McKenzie nodded but didn’t say a word. She could tell there was more.
I said, “Okay. He left a message on my answering machine yesterday. I didn’t want to say anything because I wanted to talk to him first, but I’ve been calling him ever since and he won’t answer.”
“What was the message?”
I sighed. “He told me there was something that he was about to do, and that he was sorry, and that it was big.”
“He didn’t say what it was?”
“No, I assumed he was skipping town. He said by the time I heard the message he’d be gone.”
She nodded. “Had he ever mentioned any kind of tension with the Harwicks before? A dispute about money, perhaps, or anything else?”
She was doing it again. “No. Like I said, I didn’t know he worked for the Harwicks until two days ago.”
“Right. You did say that. Do you know where he lives?”
“Detective, there’s just no way he could be involved. I haven’t known him for very long, but I just can’t imagine he would do something like this.”
“I’m sure there’s nothing to be worried about. I just need to talk to him. Can you give me his address?”
I sighed again. “No. He doesn’t have one. He lives on a boat, and sometimes he sleeps in his car.”
She nodded as if that was the most normal thing in the world, but I knew exactly what she was thinking.
“Do you happen to know where he keeps this boat?”
“Down at the dock behind Hoppie’s Restaurant. They let him stay there in exchange for doing odd jobs.”

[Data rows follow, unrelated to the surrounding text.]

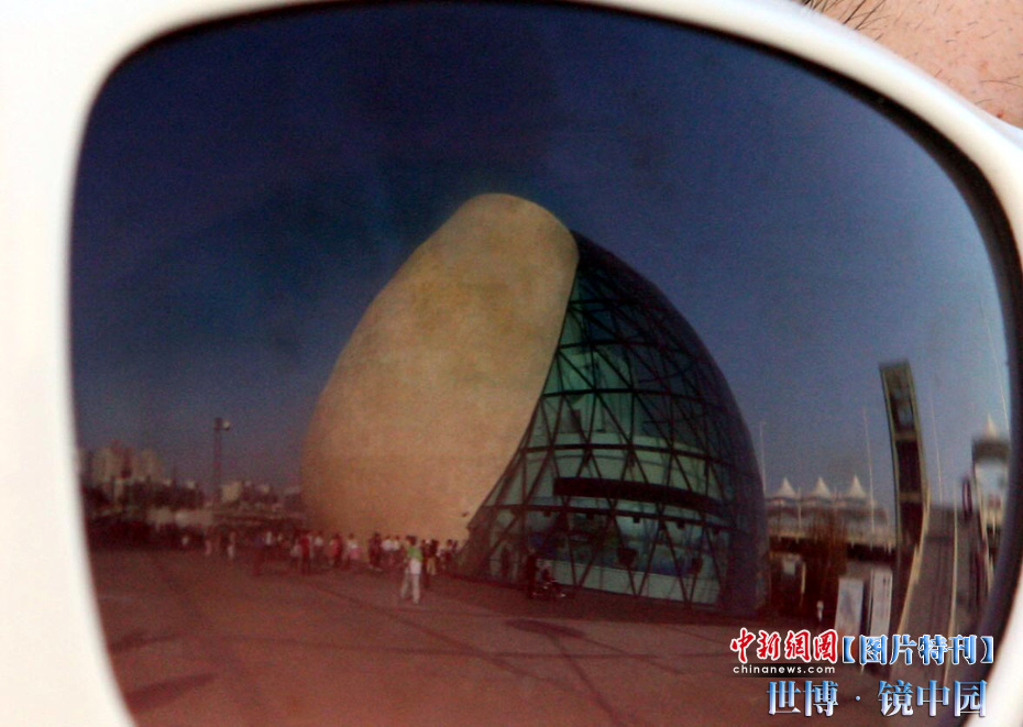 世博園開園3天,天氣一直晴熱,不少游客帶起墨鏡來遮擋刺目的陽光,從鏡片的折射中看世博園,別有一番趣味。中新社記者 湯彥俊攝
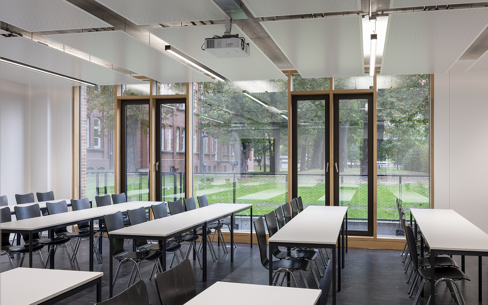 Die umfangreiche technische Ausstattung mit akustisch wirksamen Deckensegeln zum Heizen und Kühlen, ergänzt durch eine hochwertige Beleuchtung und Medientechnik ermöglichen eine optimale Nutzung des Gebäudes.
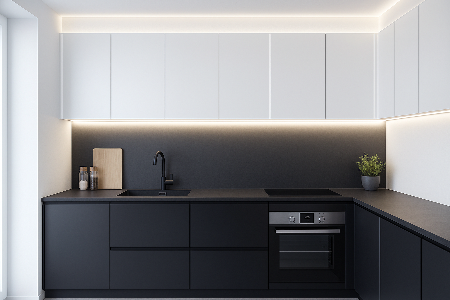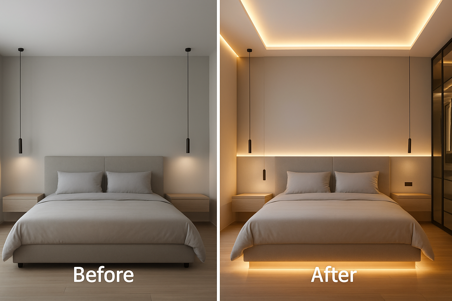 ใช้ Cool White หรือ Daylight เพื่อความชัดเจน สว่าง คุมโทนเรียบหรู มักใช้ไฟซ่อนฝ้าหรือแชนเดอเลอร์แบบเรียบ ๆ

As much as I didn’t want to admit it, I knew deep down inside that I might have misjudged Kenny, and now I was beginning to see him from Detective McKenzie’s point of view. What I saw was not pretty. An itinerant worker, a drifter basically, who lived on a houseboat and slept in his car, who disappeared with his pregnant teenaged girlfriend after her domineering father was found fully clothed at the bottom of the family swimming pool.
McKenzie said, “Okay. You’ve been very helpful.”

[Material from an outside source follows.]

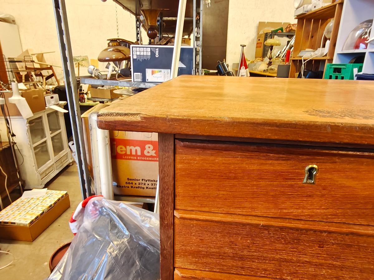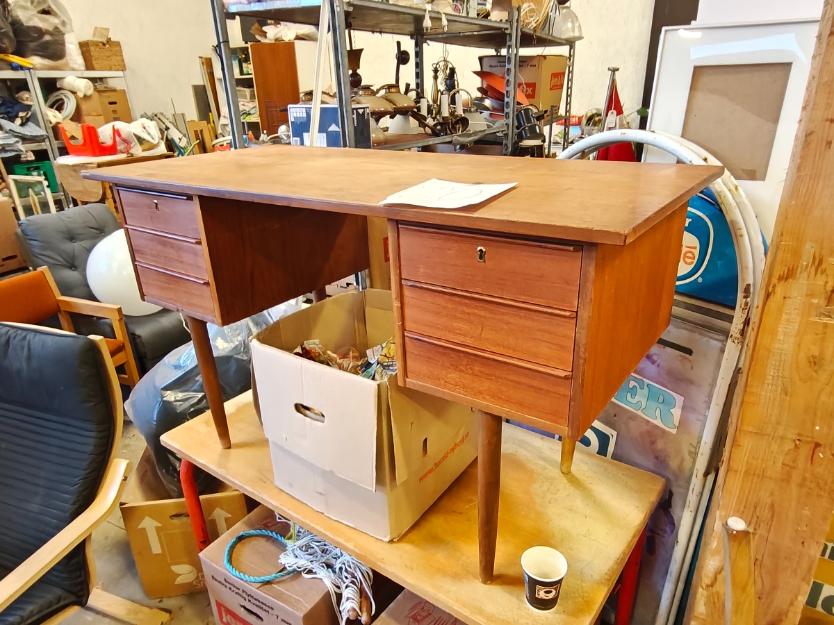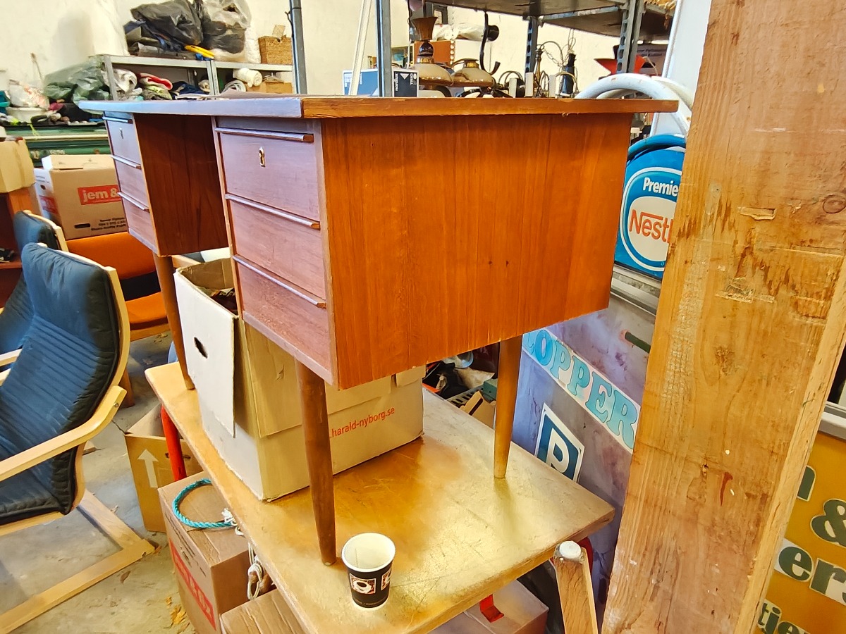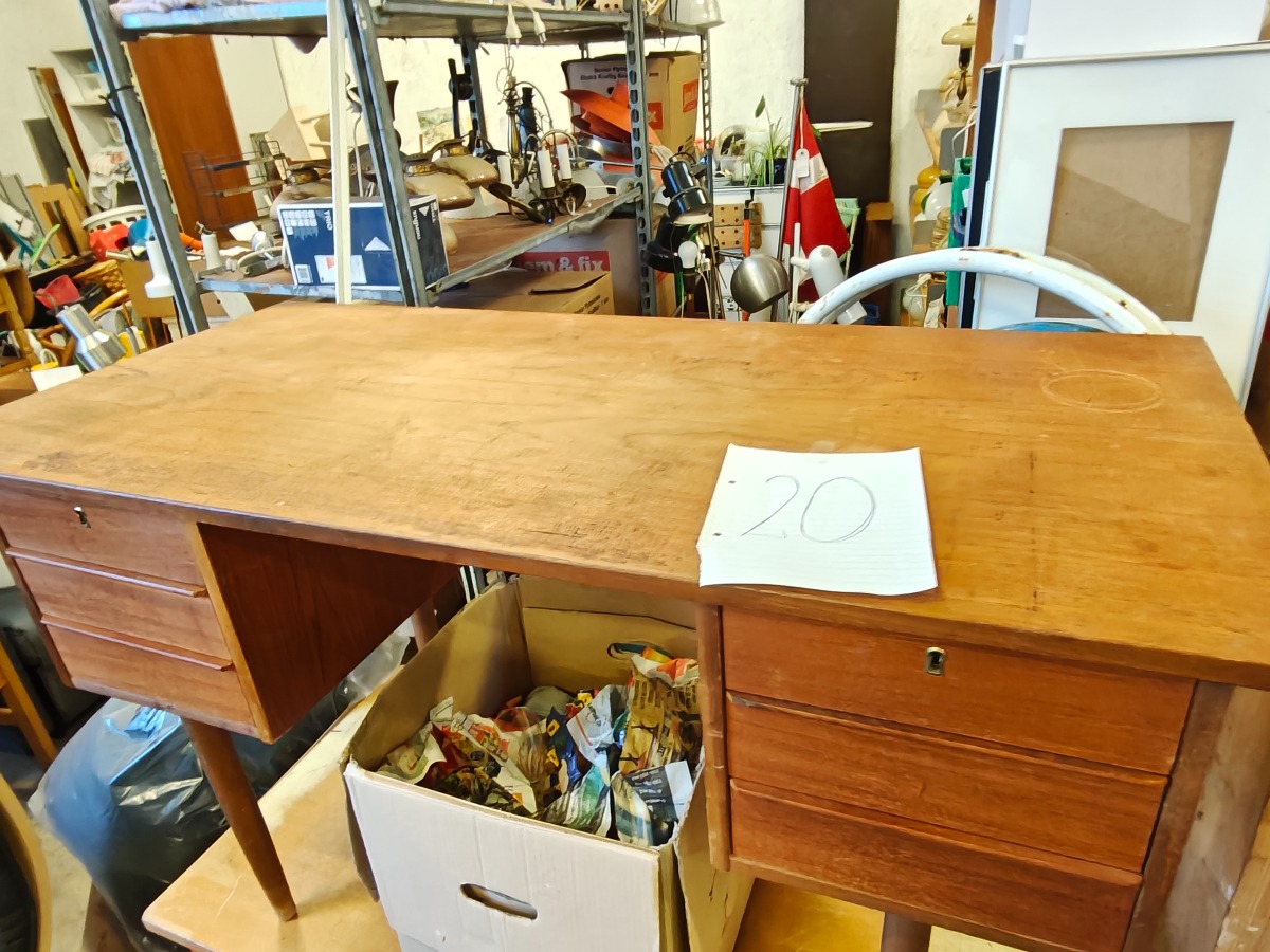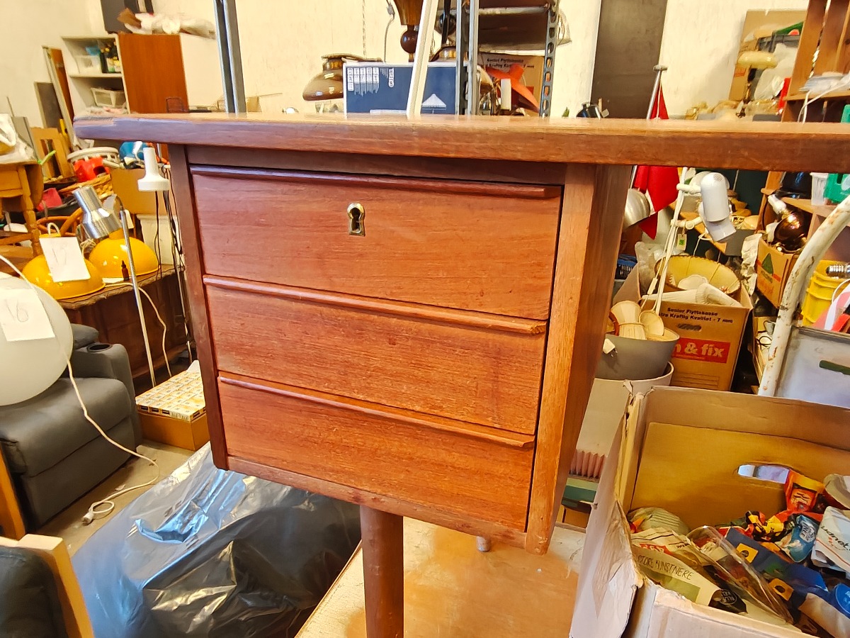 Dansk møbelproducent, fritstående skrivebord af teak. 6 skuffer i front. 72 x 120 x 58 cm. Brugsspor og finerafslag forekommer.

I said, “I just need to feed the fish and then I’ll be out of your way. Do you know how long it’ll be before I can bring the Harwicks’ cat back home? I have her in a kennel now.”
“Mrs. Harwick is staying in a hotel for the time being. I’m not sure she’s going to be able to come home anytime soon.”
Her tone was unmistakable. The words spilled out of her mouth like dice on a game board, completely devoid of judgment or drama. I’ve grown to recognize that tone almost immediately. It’s like a secret code, or a song that only people who’ve lost someone they fiercely loved can hear. She didn’t need to tell me that Mrs. Harwick was distraught. More than likely she was in shock.
She murmured, “We’ve called a doctor in.”
I nodded. We both knew how unprofessional it was for her to include that little detail, but I understood her need to tell me. After Christy and Todd were killed, I couldn’t get out of bed. There was no doctor or sedative or antidepressant strong enough to bring me back to real life. I just needed time. I stayed wrapped in sheets for months, like a blithering lunatic in a cocoon. I barely ate or bathed.
And now here it was again, that crazy urge to pour my heart out to this woman, to tell her my whole tragic story. What in the world was happening to me? I had always been the silent, brave type, the one that held everything in, that did all the listening but none of the talking. Now all of a sudden I was chomping at the bit to open myself up to someone I barely knew, and all because she had lost her husband as well.